OneLLM: One Framework to Align All Modalities with Language

Jiaming Han,Kaixiong Gong,Yiyuan Zhang,Jiaqi Wang,Kaipeng Zhang,Dahua Lin,Yu Qiao,Peng Gao,Xiangyu Yue
2023-12-07
Abstract:Multimodal large language models (MLLMs) have gained significant attention due to their strong multimodal understanding capability. However, existing works rely heavily on modality-specific encoders, which usually differ in architecture and are limited to common modalities. In this paper, we present OneLLM, an MLLM that aligns eight modalities to language using a unified framework. We achieve this through a unified multimodal encoder and a progressive multimodal alignment pipeline. In detail, we first train an image projection module to connect a vision encoder with LLM. Then, we build a universal projection module (UPM) by mixing multiple image projection modules and dynamic routing. Finally, we progressively align more modalities to LLM with the UPM. To fully leverage the potential of OneLLM in following instructions, we also curated a comprehensive multimodal instruction dataset, including 2M items from image, audio, video, point cloud, depth/normal map, IMU and fMRI brain activity. OneLLM is evaluated on 25 diverse benchmarks, encompassing tasks such as multimodal captioning, question answering and reasoning, where it delivers excellent performance. Code, data, model and online demo are available at <a class="link-external link-https" href="https://github.com/csuhan/OneLLM" rel="external noopener nofollow">this https URL</a>
Computer Vision and Pattern Recognition,Artificial Intelligence,Computation and Language,Machine Learning,Multimedia
What problem does this paper attempt to address?

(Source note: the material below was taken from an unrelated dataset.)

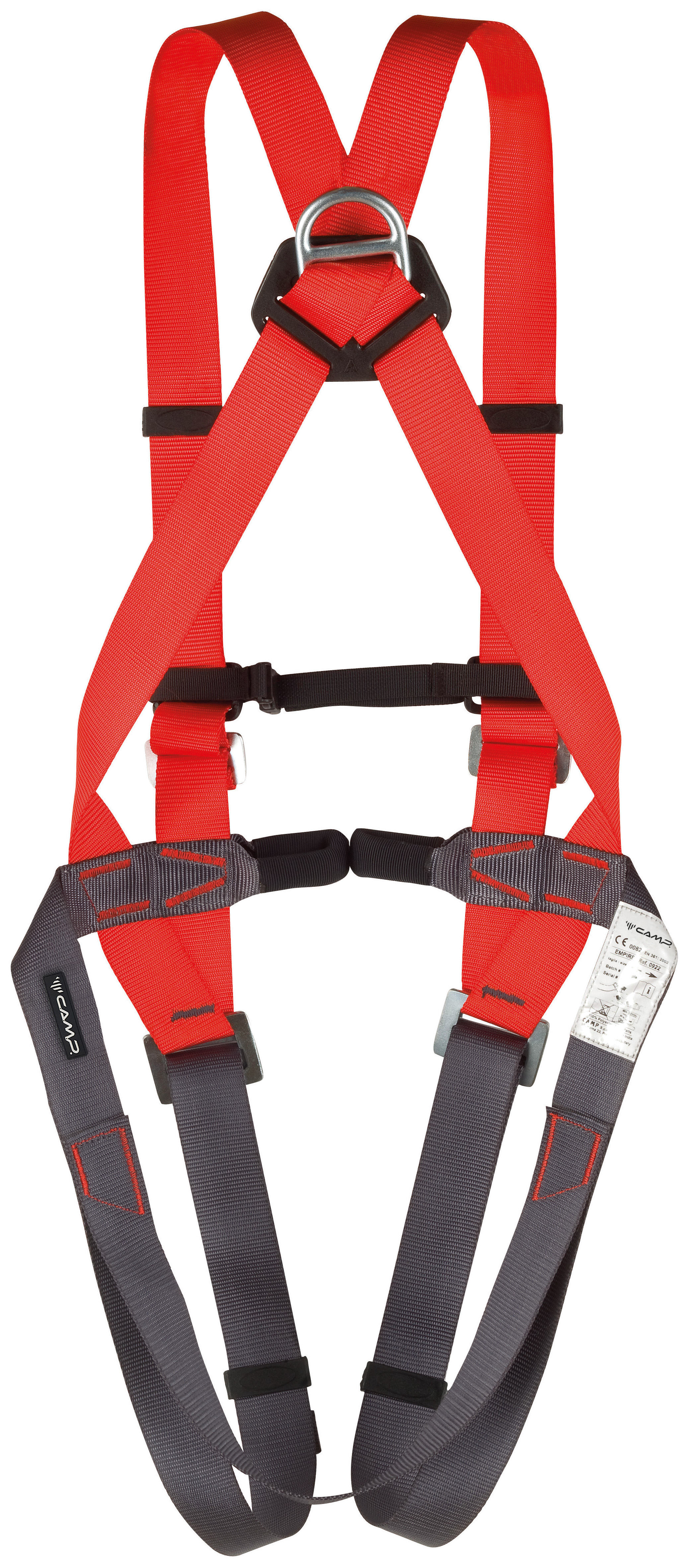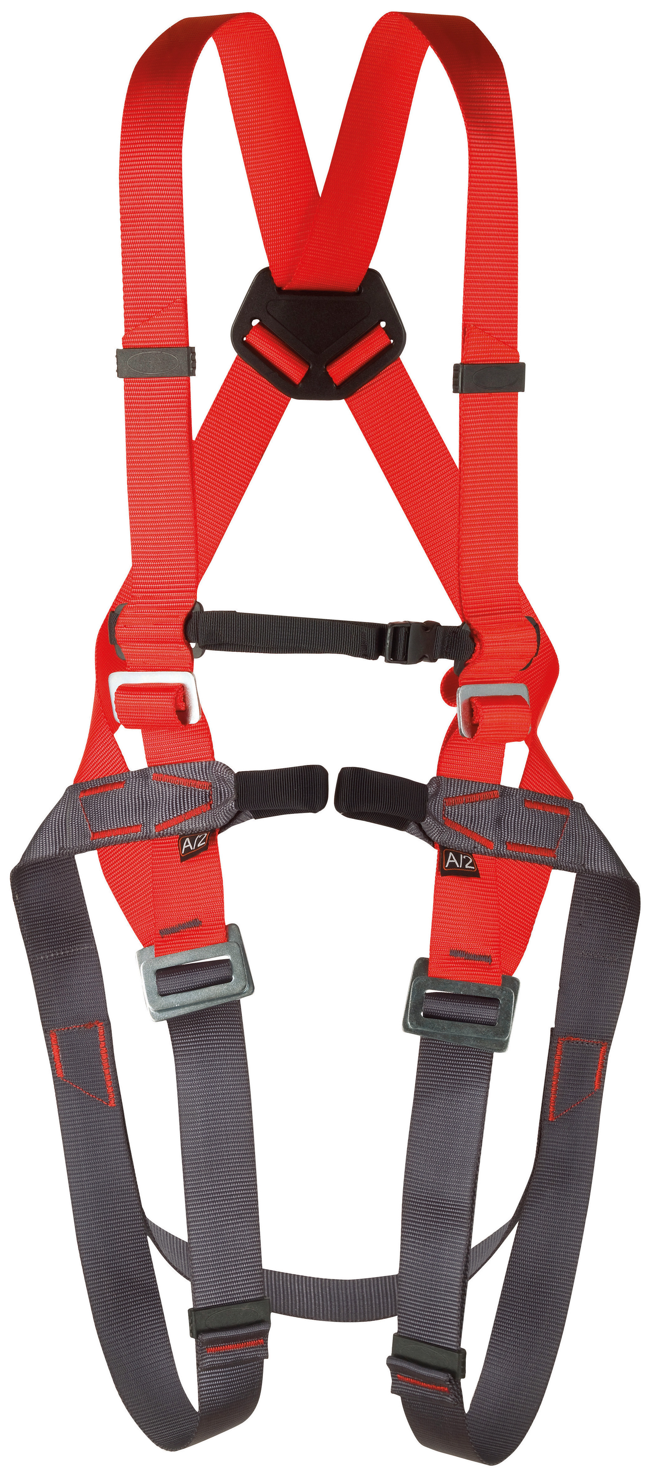 A full body harness with 2 attachment points for fall arrest: 1 sternal double textile loop, 1 dorsal steel ring.
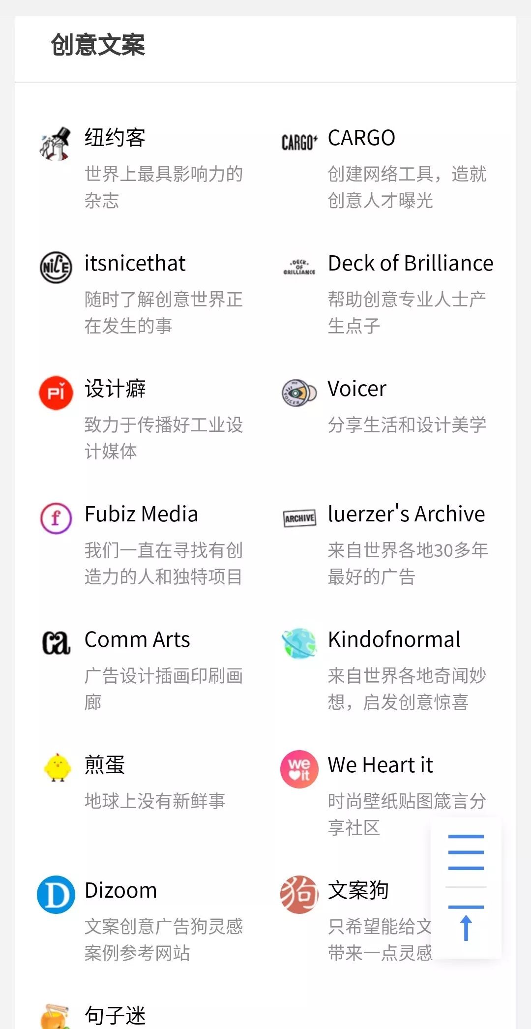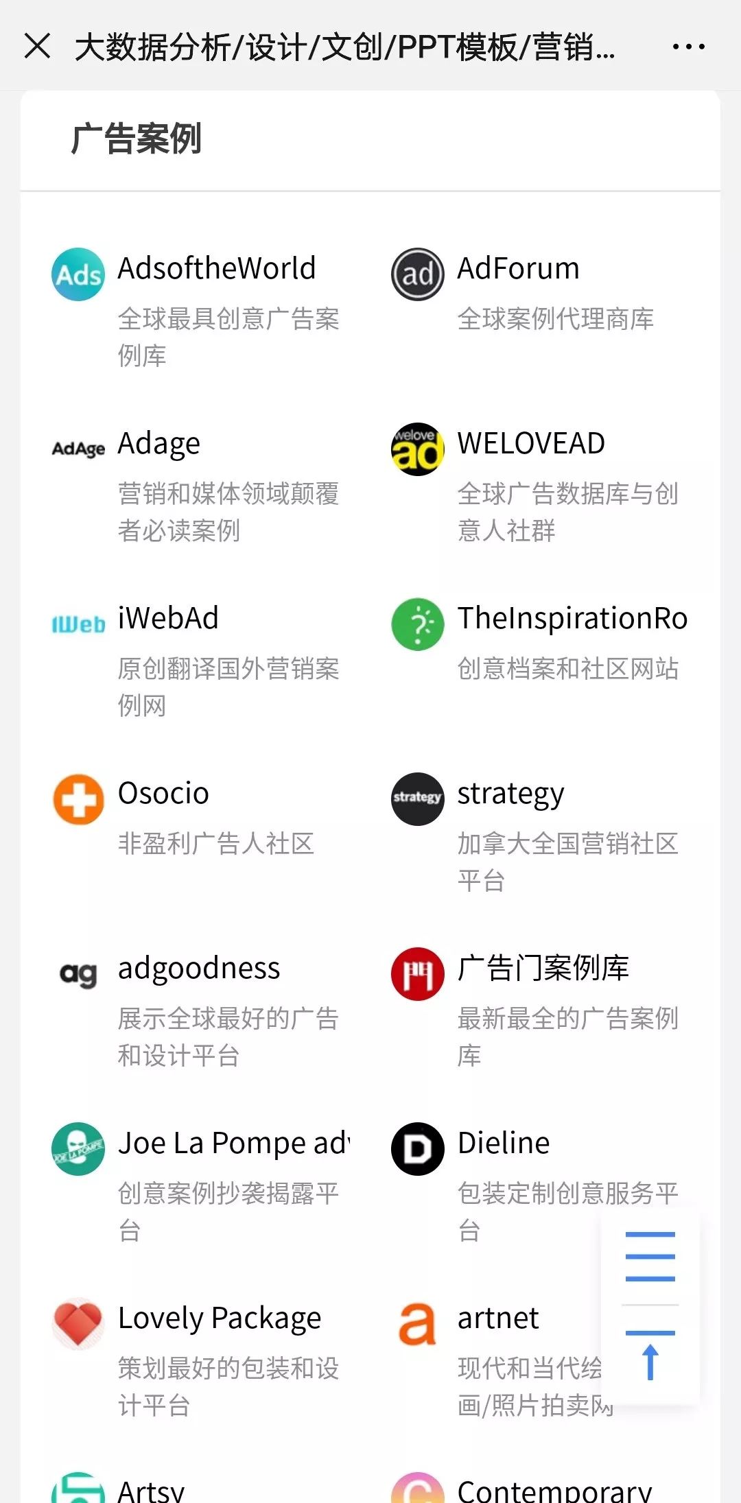 包含了19個(gè)分類欄目,涵蓋 500多個(gè)網(wǎng)址,基本包含所有廣告人日常所需。什么業(yè)內(nèi)資訊、創(chuàng)意設(shè)計(jì)、經(jīng)典案例庫、創(chuàng)意文案、熱搜榜、數(shù)據(jù)洞察、PPT模板、效率工具、創(chuàng)意熱店等等應(yīng)有盡有。

The paper attempts to address the issue that existing Multimodal Large Language Models (MLLMs) rely on modality-specific encoders, which are often architecturally different and limited to common modalities. The paper proposes a new framework called OneLLM, which aims to overcome the limitations of existing models by aligning eight modalities with language through a unified framework. Specifically, the main contributions of the paper include: 1. **Proposing a unified multimodal alignment framework**: Unlike modality-specific encoders in existing works, OneLLM uses a unified multimodal encoder and a Universal Projection Module (UPM), which can serve as a general and scalable component to handle various modalities. 2. **Integrating eight different modalities into a single model for the first time**: Through a unified framework and a step-by-step multimodal alignment pipeline, OneLLM can easily extend to more data modalities. 3. **Constructing a large-scale multimodal instruction dataset**: After fine-tuning on this dataset, OneLLM performs excellently on multimodal tasks, surpassing specialized models and existing MLLMs. Through these innovations, the paper aims to enhance the generality and scalability of multimodal large language models, enabling them to effectively understand and reason across a wider variety of modality data.